Efavirenz

Detailed information

Fass environmental information

Fass environmental information for Stocrin (efavirenz) from MSD retrieved on 2025-06-26).

Hazard

Persistence: "Biotic degradation. Biodegradation Simulation Screening (FDA 3.11) ... Test results showed 12% biodegradation to CO₂ by Day 28.
Abiotic degradation. Photolysis (EPA 795.70) ... Test results indicate 85% photo-degradation over 16 days.
Justification of chosen degradation phrase: Efavirenz is degradable in biological systems and via photolysis, however the criteria for classification as degradable was not met. The phrase “Efavirenz is potentially persistent” is thus chosen."

Bioaccumulation: "Bioconcentration Factor (OECD 305). ... Measured BCF values were 439 for low concentration (0.9 µg/L) and 454 for high concentration (9 µg/L) Justification of chosen bioaccumulation phrase: Since measured BCF < 500, the substance has low potential for bioaccumulation."

Toxicity: There are data for 3 trophic levels, most sensitive algae NOEC 26 microg/L.

Risk

PEC/PNEC is based on sales data in Sweden in year 2022. PEC/PNEC = 0.0088 which gives the risk insignificant.

EMA’s scientific discussion on Stocrin

EMA’s scientific discussion on Stocrin dated 3 November 2005. "Environmental risk assessment does not foresee any toxicological risk for the environment with efavirenz."

Assessment reports for generic versions of efavirenz

There are several assessment reports for generic products containing efavirenz with similar information. The most recent is for Efavirenz/Emtricitabine/Tenofovir disoproxil Krka, dated 14 December 2017 (EMA/846772/2017). "The applicant submitted a statement that this combination product of efavirenz, emtricitabine and tenofovir DS does not contain any genetically modified organisms. Since efavirenz, emtricitabine and tenofovir has already been present on the European market with the originator's product for several years with recognized efficacy and an acceptable level of safety, the introduction of the generic product onto the market is unlikely to result in any significant increase in the environmental exposure and would thus not be expected to have an adverse effect upon the environment. With this regard and on the basis of CHMP Guideline on the Environmental Risk Assessment of Medicinal Products for Human Use (EMEA/CHMP/SWP/4447/00), a formal environmental risk assessment for efavirenz, emtricitabine and tenofovir DS was not considered necessary by the Applicant and this is acceptable to the CHMP."

Statement regarding generic medicines

After the implementation of the latest European Medicines Agency (EMA) ERA guideline (1 September 2024), a generic company has the following options for Article 10 procedures under Directive 2001/83/EC:

i) to argue that a full ERA is not required because the pharmaceutical substance belongs to certain substance groups (e.g., so-called natural substances);

ii) to identify an official ERA from a previously accepted product and use it; or

iii) to develop its own ERA according to the latest EMA ERA guideline.

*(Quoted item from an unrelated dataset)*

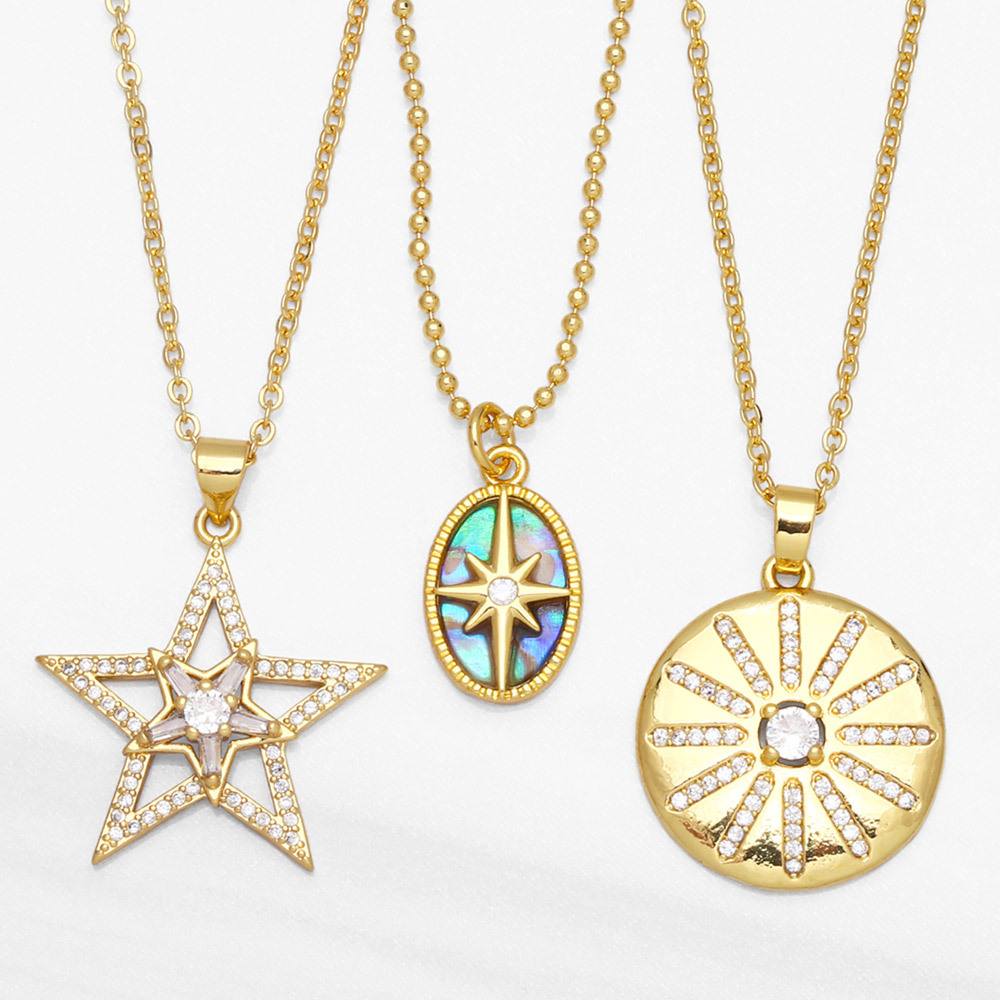 قلادة نسائية من الزركون بتصميم نجمة هندسية دائرية بتخفيضات أوروبية وأمريكية، سلسلة ترقوة، للبيع بالجملة، NKB005

Arguments for not submitting an Environmental Risk Assessment (ERA) based on the claim that total environmental exposure has not increased (via total sales volumes) belong to the previous ERA guideline system (2006–2024) and are no longer applicable. Regarding option ii), it should be noted that if a reference ERA exists, the generic company must demonstrate that its conclusions remain technically relevant (since the latest ERA guideline introduced several new technical requirements absent in the previous ERA guideline) and in terms of exposure (showing that the estimated exposure used in the reference ERA remains reasonable). Regulatory authorities (national and EMA) recommend that generic companies attempt to obtain reference ERA documentation from other companies via a so-called Letter of Access (LoA). However, if this is not possible, it remains feasible to argue that the conclusions of an existing reference ERA are still relevant based on information gathered from public assessment reports (summarized descriptions of environmental risk assessments) and product information (to confirm that dosages, indications, etc., have not changed). It should be noted that in some cases, reference ERAs approved between 2006 and 2024 may need to be modified (e.g., with additional experimental studies). If no previous reference ERA can be identified or used, the generic company must commit to developing its own ERA.